I'm A Distaster- Ghost Town 9/7/14


    Wow. Okay. So, its been a while since I've written anything in here. But, I have been writing so I guess thats good. Actually, I've been writing a lot of poetry. And I think that I want to start posting it here. If you guys don't mind of course.

    Nothing new has really happened. I met a guy, Quinn, and we had sex, then he stopped talking to me so that kinda sucked. But I'm over that now. And I'm kinda with a new guy. His name is Ryan and he lives in Oklahoma. He's a really good guy and I trust him a lot. The issue is..he's 19. And I'm just about to be 16 in a little over a month. I talked to my mom about him and she said she had a little problem with it but she's ok with me being with him. But I think she is mainly because he's going into the Military. He want's to be and EOD. THE most dangerous job (of course).
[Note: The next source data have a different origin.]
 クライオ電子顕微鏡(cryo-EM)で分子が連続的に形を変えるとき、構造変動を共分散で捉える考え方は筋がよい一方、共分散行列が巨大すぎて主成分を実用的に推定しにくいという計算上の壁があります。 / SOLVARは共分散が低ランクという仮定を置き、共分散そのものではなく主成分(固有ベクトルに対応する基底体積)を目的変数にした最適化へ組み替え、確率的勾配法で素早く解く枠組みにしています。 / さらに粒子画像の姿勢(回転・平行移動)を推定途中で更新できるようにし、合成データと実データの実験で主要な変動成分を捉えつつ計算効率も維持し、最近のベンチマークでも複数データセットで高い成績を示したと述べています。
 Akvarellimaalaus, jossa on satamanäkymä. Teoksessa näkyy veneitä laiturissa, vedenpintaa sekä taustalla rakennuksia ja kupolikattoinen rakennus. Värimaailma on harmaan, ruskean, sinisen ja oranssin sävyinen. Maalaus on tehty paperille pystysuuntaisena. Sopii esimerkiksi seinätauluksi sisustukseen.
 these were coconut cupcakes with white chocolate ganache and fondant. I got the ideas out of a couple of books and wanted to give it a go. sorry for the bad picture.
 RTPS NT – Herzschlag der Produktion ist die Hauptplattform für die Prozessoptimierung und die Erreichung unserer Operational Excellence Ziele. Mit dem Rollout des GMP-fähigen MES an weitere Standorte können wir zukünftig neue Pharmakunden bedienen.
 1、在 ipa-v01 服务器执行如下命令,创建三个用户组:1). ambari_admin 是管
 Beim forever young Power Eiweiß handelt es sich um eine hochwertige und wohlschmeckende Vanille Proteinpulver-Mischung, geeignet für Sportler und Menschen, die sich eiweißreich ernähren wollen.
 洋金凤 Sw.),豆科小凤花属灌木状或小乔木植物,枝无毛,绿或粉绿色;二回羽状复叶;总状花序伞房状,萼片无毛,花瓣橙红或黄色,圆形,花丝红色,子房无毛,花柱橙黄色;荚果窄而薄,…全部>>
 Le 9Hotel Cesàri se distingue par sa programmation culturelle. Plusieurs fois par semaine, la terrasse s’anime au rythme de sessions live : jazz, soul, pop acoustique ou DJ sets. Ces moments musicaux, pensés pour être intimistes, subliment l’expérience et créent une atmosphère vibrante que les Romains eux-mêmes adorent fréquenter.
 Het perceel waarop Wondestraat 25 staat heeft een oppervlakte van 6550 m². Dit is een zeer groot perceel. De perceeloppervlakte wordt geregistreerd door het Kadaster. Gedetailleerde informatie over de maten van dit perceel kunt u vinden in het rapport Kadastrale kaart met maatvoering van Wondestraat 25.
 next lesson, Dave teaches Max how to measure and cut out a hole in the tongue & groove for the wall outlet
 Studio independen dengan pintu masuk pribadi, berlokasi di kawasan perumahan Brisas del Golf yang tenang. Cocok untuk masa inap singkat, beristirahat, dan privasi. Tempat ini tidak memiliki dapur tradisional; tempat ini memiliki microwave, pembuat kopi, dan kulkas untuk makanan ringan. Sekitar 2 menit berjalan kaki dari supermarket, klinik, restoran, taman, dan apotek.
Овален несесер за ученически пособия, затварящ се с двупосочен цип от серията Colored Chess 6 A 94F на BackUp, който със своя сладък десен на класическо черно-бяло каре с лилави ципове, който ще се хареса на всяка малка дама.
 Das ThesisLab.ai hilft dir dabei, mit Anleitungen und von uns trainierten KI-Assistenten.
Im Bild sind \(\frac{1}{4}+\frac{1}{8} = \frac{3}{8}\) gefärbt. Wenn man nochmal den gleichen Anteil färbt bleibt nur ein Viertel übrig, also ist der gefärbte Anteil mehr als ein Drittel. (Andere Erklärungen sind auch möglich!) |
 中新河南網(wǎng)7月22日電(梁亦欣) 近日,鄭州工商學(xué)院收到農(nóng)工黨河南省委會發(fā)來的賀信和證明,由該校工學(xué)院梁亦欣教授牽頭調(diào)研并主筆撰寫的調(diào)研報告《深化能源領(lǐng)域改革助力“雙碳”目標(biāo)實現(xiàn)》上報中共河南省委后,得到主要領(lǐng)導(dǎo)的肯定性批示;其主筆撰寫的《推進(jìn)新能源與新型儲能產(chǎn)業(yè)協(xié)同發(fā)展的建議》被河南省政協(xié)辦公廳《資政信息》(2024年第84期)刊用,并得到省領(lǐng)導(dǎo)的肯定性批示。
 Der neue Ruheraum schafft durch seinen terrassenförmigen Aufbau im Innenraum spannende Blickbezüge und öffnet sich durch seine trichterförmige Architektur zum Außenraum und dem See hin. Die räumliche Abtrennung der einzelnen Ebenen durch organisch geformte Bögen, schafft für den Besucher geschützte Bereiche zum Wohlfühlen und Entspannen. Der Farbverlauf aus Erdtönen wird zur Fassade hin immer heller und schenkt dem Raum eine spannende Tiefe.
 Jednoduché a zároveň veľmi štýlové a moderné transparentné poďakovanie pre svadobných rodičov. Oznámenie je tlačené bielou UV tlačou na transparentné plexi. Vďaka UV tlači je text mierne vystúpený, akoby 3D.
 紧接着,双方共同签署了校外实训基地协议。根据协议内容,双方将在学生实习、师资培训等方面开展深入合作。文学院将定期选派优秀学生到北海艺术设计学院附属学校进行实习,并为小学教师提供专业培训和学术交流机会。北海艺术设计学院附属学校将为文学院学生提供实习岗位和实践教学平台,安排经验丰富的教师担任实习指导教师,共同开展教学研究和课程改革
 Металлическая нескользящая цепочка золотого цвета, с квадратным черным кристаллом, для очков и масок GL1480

But it's his choice. He said that he might try and come to Florida for my birthday (which just so happens to be when Michael will be here). So thats good, hopefully we're still together.

    Honestly, I'm not really sure what else to talk about. I just started my Sophomore year at FPC and thats fun I guess. But uhm.. thats basically it I guess.

    I will be posting some poetry along with these posts and I'll try to get back to updating daily/weekly.

Bye Lovelys
~Invisible Girl

Thursday, March 13, 2014

Good Girl- Lily Kershaw 3/13/14

  I've been going through a lot the last few months. I'm not sure what wrong with me. I mean. One minute I'm happy and smiling, and the next it's like I'm a completely different person. Like I was never there. I think the depression is getting to me. I need to find a way out. A way to be less of who I am right now. I feel like I hurt the people I care about and I don't want to be that person. But, I also don't want to be the shy girl that i used to be. I really don't want to be her anymore. She was naive and stupid and too.. whats the word.. good all the time. I don't know. Maybe it's all in my head and I'm "looking for excuses". Maybe I am. I don't know anymore. But I could really use someone to talk too.. hint, hint. No? Ok. I gotta go guys. Bye.


~Invisible Girl

Monday, February 24, 2014

Its Been A While- Staind 2/24/14

  GUYS!!! I've been gone for forever!!! Not a lot has happened the last month or so, but I am better. However, theres something I want to get out. I have been trying really hard to stop cutting. And the emails I've been getting from you guys help keep me strong. This is basically a 'Thank You' note to all you guys. I love you!! :* I'm not sure if the blogger will put up my email but if I put it on, I want you guys to email me. It can be about ANYTHING! Just send it in. Whether you need advice on something, or just someone to listen. I'm here. Just email me :)

its sandlinkat@gmail.com

so yea. here ya go. E-mail me c:


~Invisible Girl

Saturday, January 18, 2014

Skinny Love- Birdy 1/19/14

  Guys, I don't even know even more. I'm losing the people I care about most. I don't know what to do to get them back. I mean.. a guy I was in love with doesn't hardly talk to me. Meghan treats me like shit half the time. Alex barely talks to me anymore. i just... i dont know what to do. sorry this one is so short. more next time i guess.


~Invisible Girl

Thursday, December 26, 2013

Not Sure What To Do 12/26/13

  So, I've been debating showing my mom this blog. I mean, it would make things easier if she knew all this. But, I also don't know how she would react to it all. To me sharing all of this personal stuff with people. To me not actually telling her about all of this stuff in my life. She doesn't know about me and the senior Michael. Or about how i feel like talking, or writing about what happened when I was younger. I'm just unsure of what to do about this.

sorry i just needed to get that out.